**Source data:**
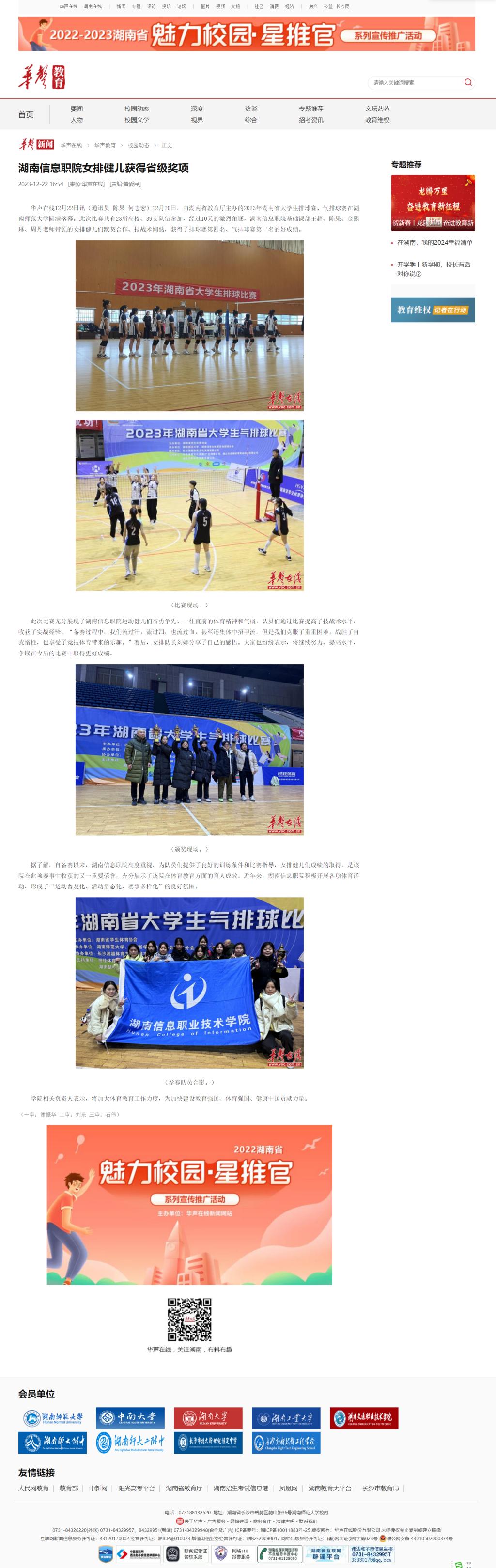 12月22日,华声在线发布《湖南信息职院女排健儿获得省级奖项》
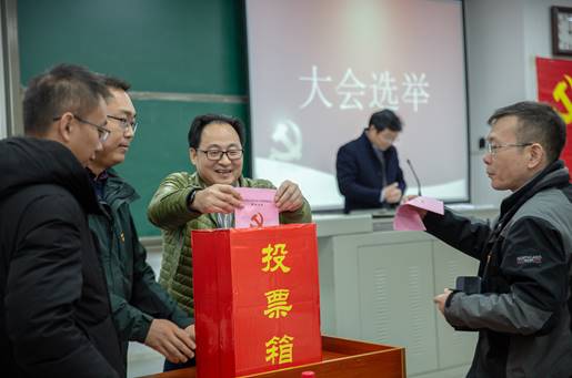 会场党旗庄严,气氛隆重,学院领导班子成员、教师党员、本科生党员、研究生党员参会。会议听取了党委工作报告,并投票选举出新一届党委成员,大会由院长江厚顺主持。
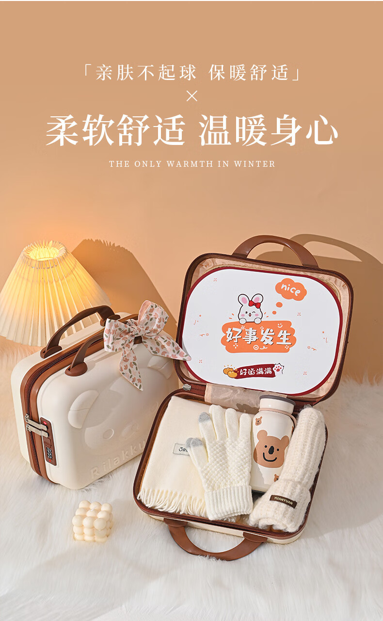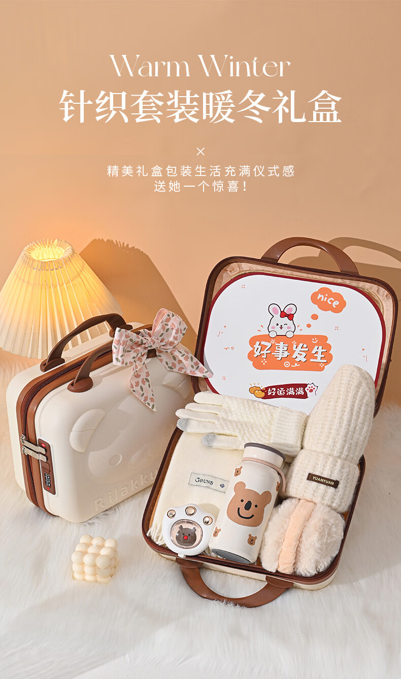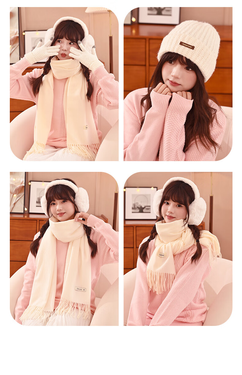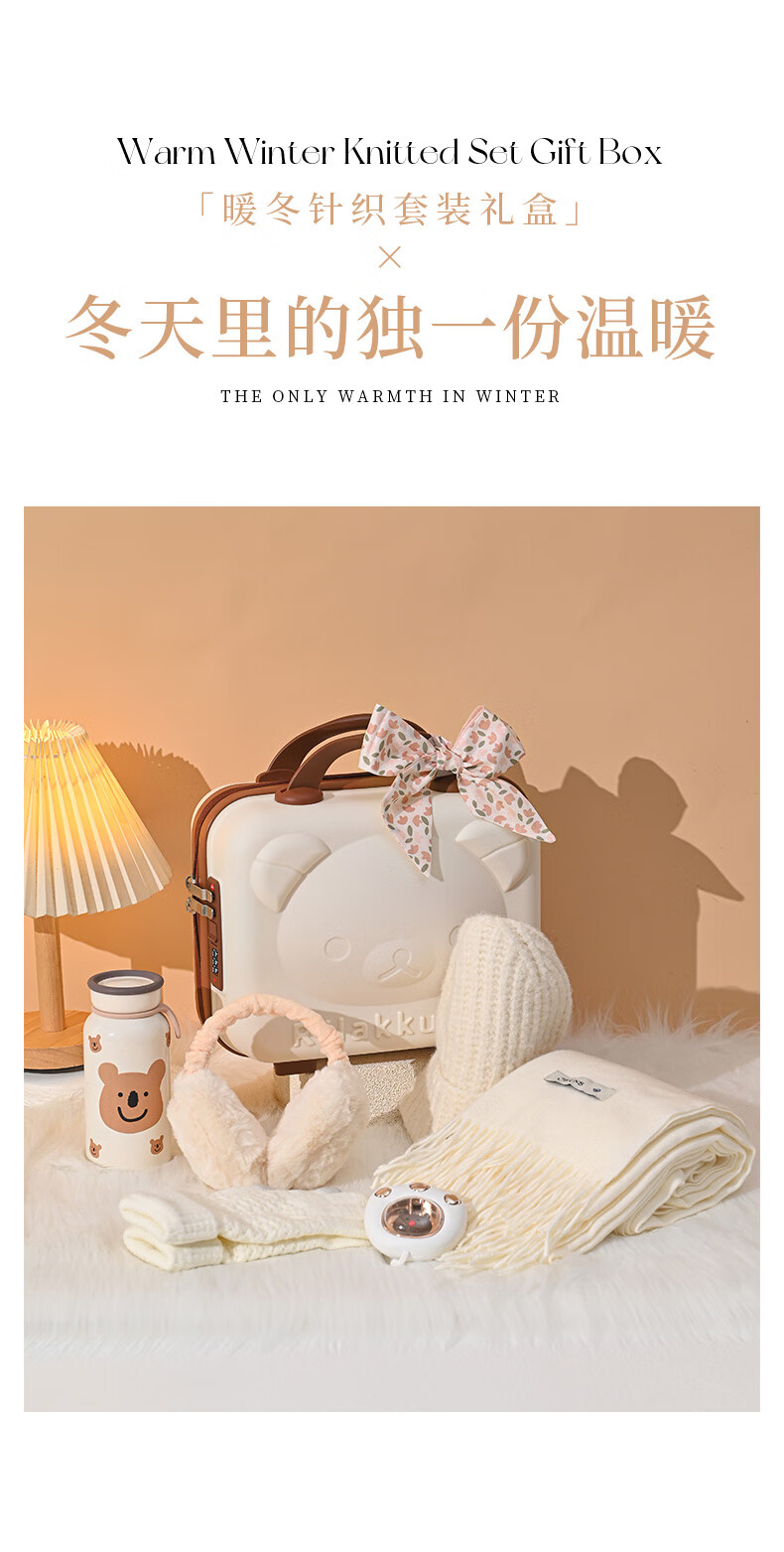 尹木夕围巾冬生日新年礼物女生送朋友学生入冬四件套围巾帽子手套礼品 Q159暖心小熊三件套【围巾+帽子+手套】
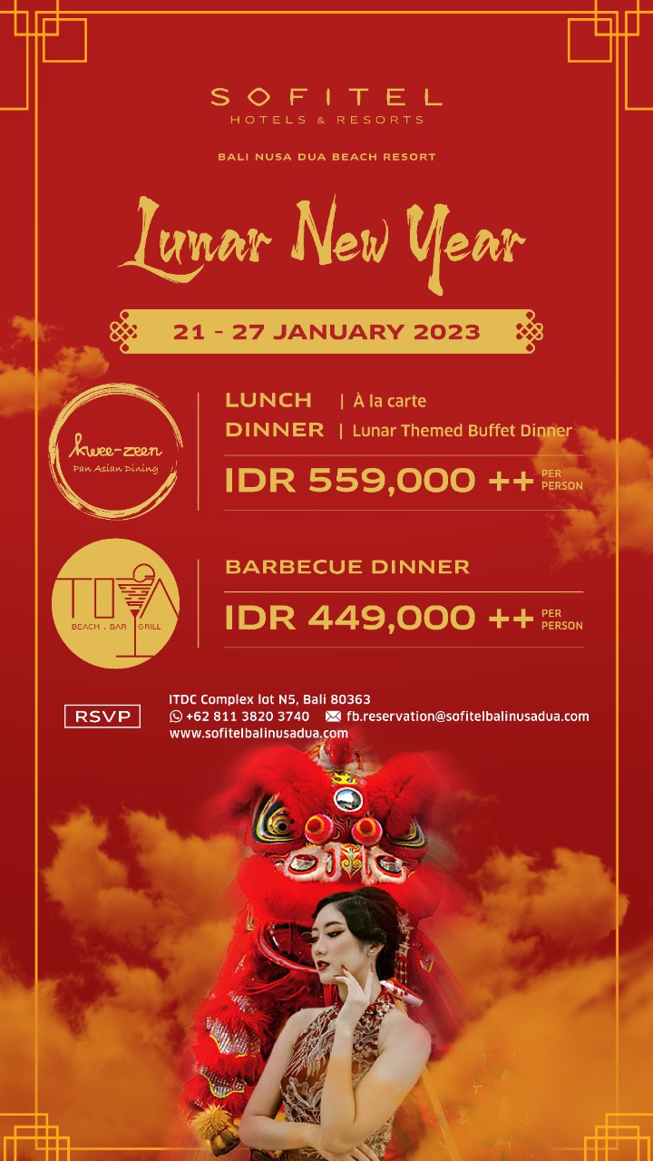 Lunar New Year 21-27 JANUARY 2023LUNCH | À la carteDINNER | Lunar Themed Buffet DinnerIDR 559,000 ++ PER PERSONBARBECUE DINNERIDR 449,000 ++ PER PERSONReservation:ITDC Complex lot N5, Bali 80363fb.reservation@sofitelbalinusadua.com+62 811 3820 3740www.sofitelbalinusadua.com
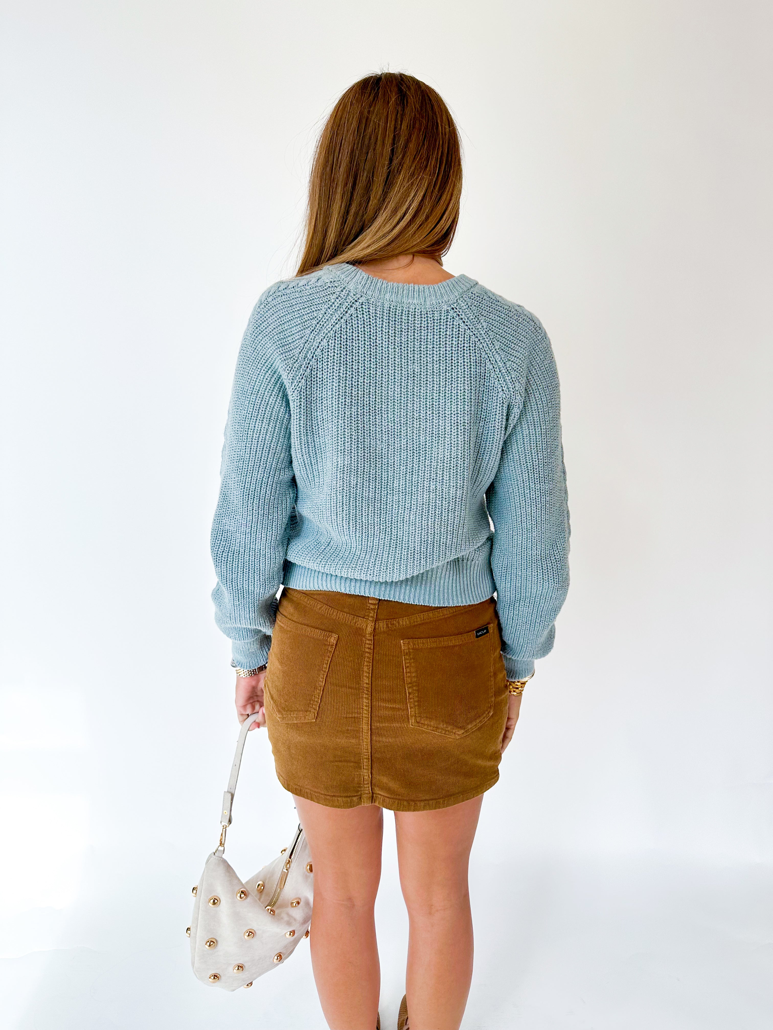 Embrace timeless comfort with the Nomad Cable Popover Sweater in a fresh sky blue hue. Its classic cable knit design pairs effortlessly with a skirt and ballet flats for an effortless daytime look, or layer it over your favorite jeans and boots as the weather cools. Soft, cozy, and versatile, this sweater is perfect for transitioning through seasons while keeping your style on point.
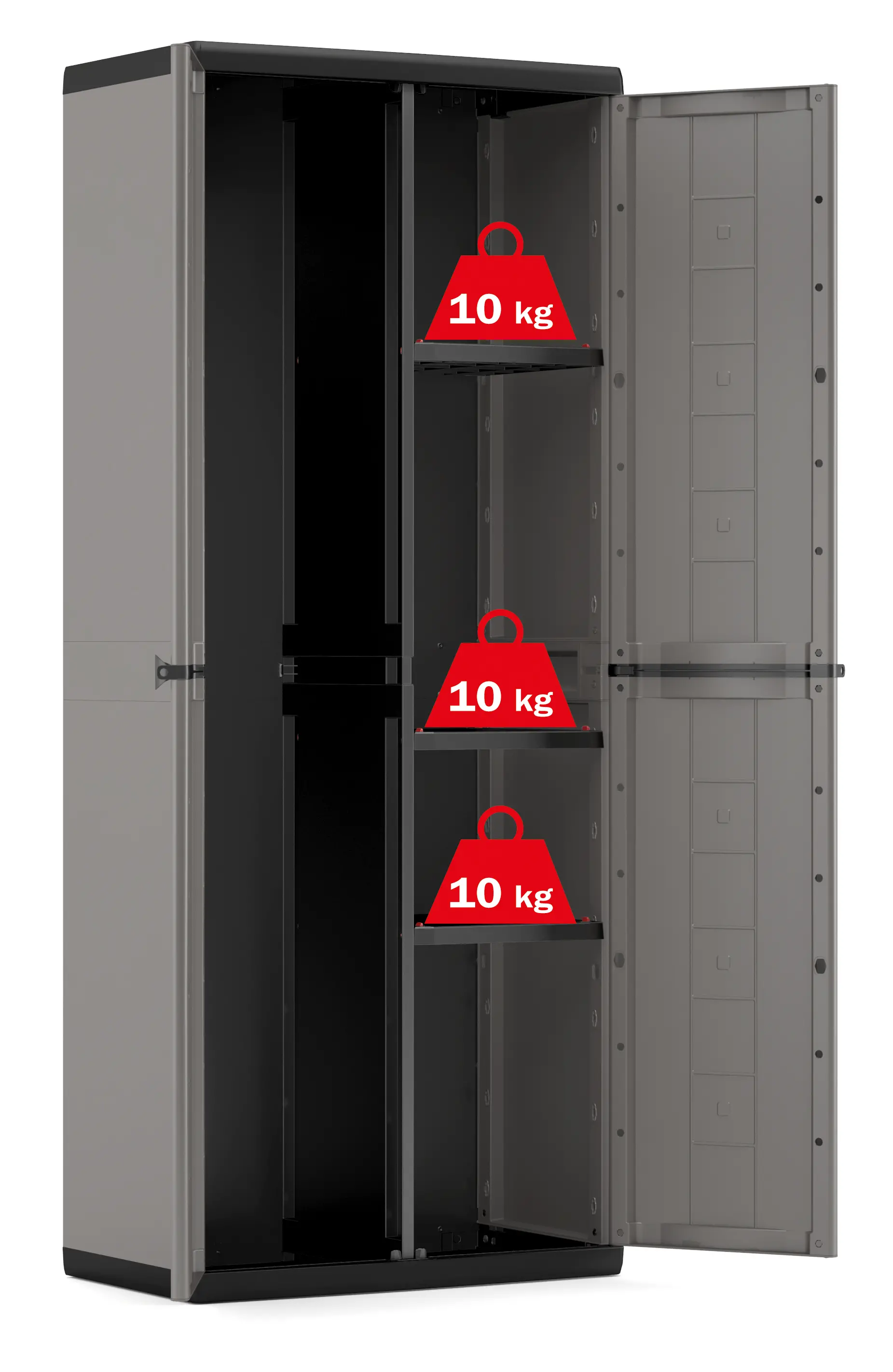 Hľadáte úložný priestor, ktorý sa prispôsobí rôznym typom vybavenia? Plastová skriňa Keter Jolly Utility ponúka inteligentné rozdelenie priestoru – jedna polovica je vybavená nastaviteľnými policami s nosnosťou 10 kg, druhá umožňuje uloženie dlhých predmetov. Ideálna voľba do dielne, pivnice aj technickej miestnosti, navyše s možnosťou uzamknutia visiacim zámkom.

**What you have to do:** Restate the entries verbatim, without pictures.

**Written response:**
 12月22日,华声在线发布《湖南信息职院女排健儿获得省级奖项》
 会场党旗庄严,气氛隆重,学院领导班子成员、教师党员、本科生党员、研究生党员参会。会议听取了党委工作报告,并投票选举出新一届党委成员,大会由院长江厚顺主持。
 尹木夕围巾冬生日新年礼物女生送朋友学生入冬四件套围巾帽子手套礼品 Q159暖心小熊三件套【围巾+帽子+手套】
 Lunar New Year 21-27 JANUARY 2023LUNCH | À la carteDINNER | Lunar Themed Buffet DinnerIDR 559,000 ++ PER PERSONBARBECUE DINNERIDR 449,000 ++ PER PERSONReservation:ITDC Complex lot N5, Bali 80363fb.reservation@sofitelbalinusadua.com+62 811 3820 3740www.sofitelbalinusadua.com
 Embrace timeless comfort with the Nomad Cable Popover Sweater in a fresh sky blue hue. Its classic cable knit design pairs effortlessly with a skirt and ballet flats for an effortless daytime look, or layer it over your favorite jeans and boots as the weather cools. Soft, cozy, and versatile, this sweater is perfect for transitioning through seasons while keeping your style on point.
 Hľadáte úložný priestor, ktorý sa prispôsobí rôznym typom vybavenia? Plastová skriňa Keter Jolly Utility ponúka inteligentné rozdelenie priestoru – jedna polovica je vybavená nastaviteľnými policami s nosnosťou 10 kg, druhá umožňuje uloženie dlhých predmetov. Ideálna voľba do dielne, pivnice aj technickej miestnosti, navyše s možnosťou uzamknutia visiacim zámkom.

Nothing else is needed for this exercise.